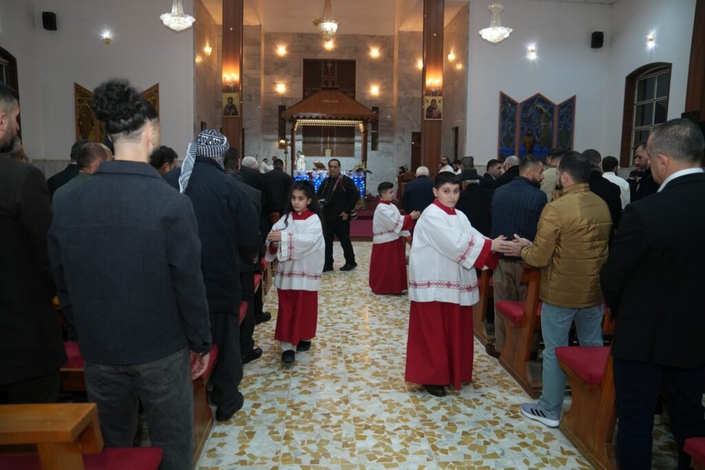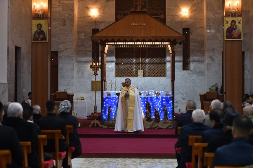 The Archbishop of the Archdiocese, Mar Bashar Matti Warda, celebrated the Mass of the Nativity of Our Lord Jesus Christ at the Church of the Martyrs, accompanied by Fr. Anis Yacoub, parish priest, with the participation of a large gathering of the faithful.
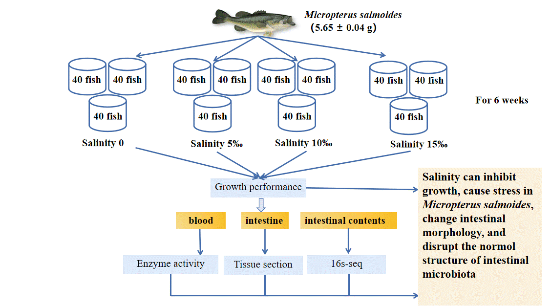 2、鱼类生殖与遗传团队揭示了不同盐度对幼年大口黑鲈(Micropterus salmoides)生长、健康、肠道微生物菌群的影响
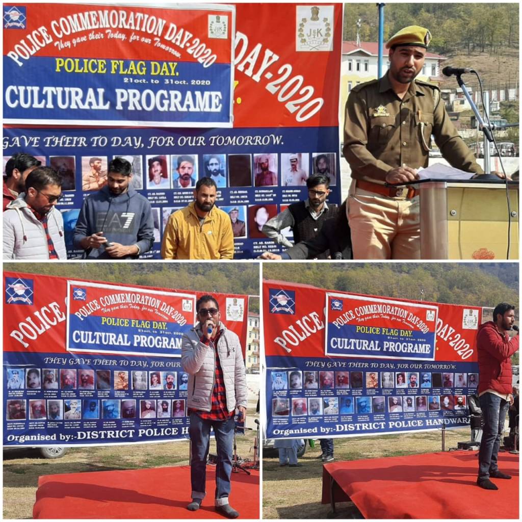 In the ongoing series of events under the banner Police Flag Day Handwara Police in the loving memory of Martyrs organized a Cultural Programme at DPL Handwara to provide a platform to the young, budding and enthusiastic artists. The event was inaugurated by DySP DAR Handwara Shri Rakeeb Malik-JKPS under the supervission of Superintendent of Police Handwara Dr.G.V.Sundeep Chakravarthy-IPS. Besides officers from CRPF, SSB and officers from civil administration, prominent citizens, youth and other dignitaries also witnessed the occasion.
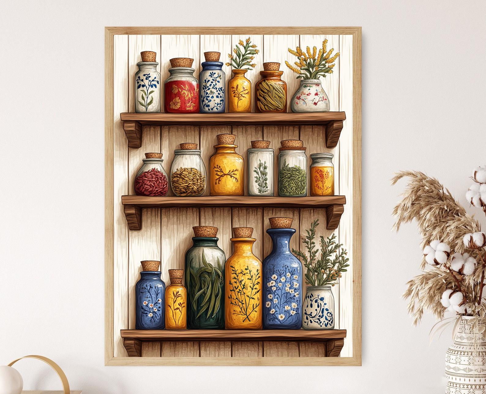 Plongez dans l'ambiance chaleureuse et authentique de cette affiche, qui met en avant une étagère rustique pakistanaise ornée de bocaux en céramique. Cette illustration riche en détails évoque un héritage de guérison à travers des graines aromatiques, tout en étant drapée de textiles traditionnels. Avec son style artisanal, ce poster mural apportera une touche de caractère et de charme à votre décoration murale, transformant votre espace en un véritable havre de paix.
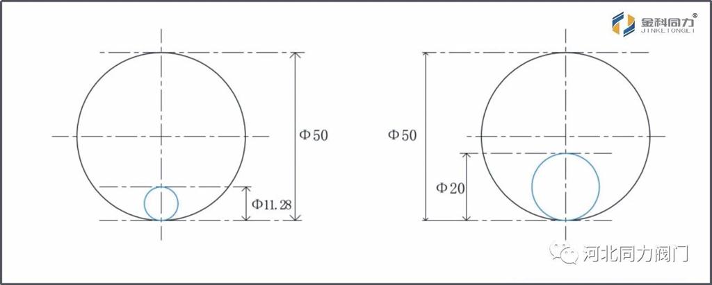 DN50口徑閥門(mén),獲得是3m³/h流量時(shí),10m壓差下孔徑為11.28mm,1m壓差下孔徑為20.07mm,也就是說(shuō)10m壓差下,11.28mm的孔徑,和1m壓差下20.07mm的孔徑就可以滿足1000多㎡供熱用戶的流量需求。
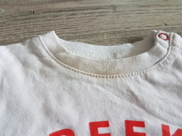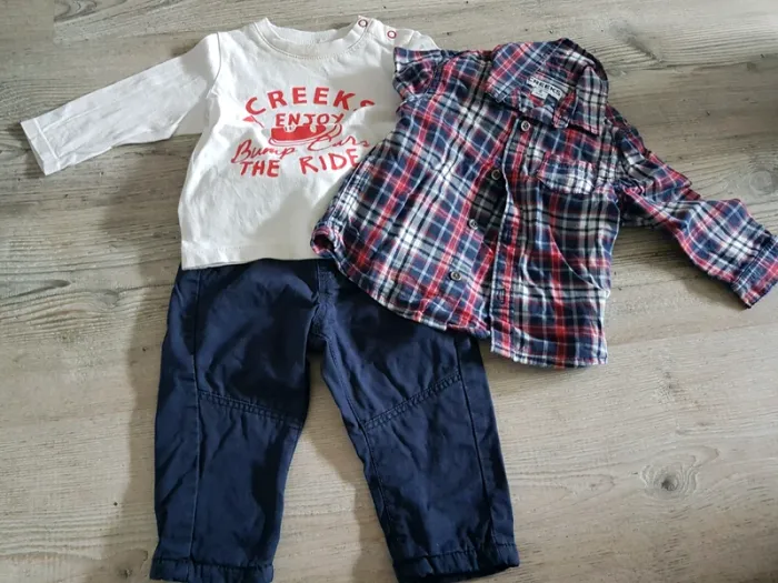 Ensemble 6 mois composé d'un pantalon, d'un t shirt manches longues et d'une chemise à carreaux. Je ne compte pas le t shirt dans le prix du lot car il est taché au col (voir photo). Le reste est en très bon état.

To do: Would you transcribe exactly, and only, the lines from the one containing "DN50口徑閥門(mén),獲得是3m³" through the last line of the records above, both included, leaving out the pictures?

Task answer:
 DN50口徑閥門(mén),獲得是3m³/h流量時(shí),10m壓差下孔徑為11.28mm,1m壓差下孔徑為20.07mm,也就是說(shuō)10m壓差下,11.28mm的孔徑,和1m壓差下20.07mm的孔徑就可以滿足1000多㎡供熱用戶的流量需求。
 Ensemble 6 mois composé d'un pantalon, d'un t shirt manches longues et d'une chemise à carreaux. Je ne compte pas le t shirt dans le prix du lot car il est taché au col (voir photo). Le reste est en très bon état.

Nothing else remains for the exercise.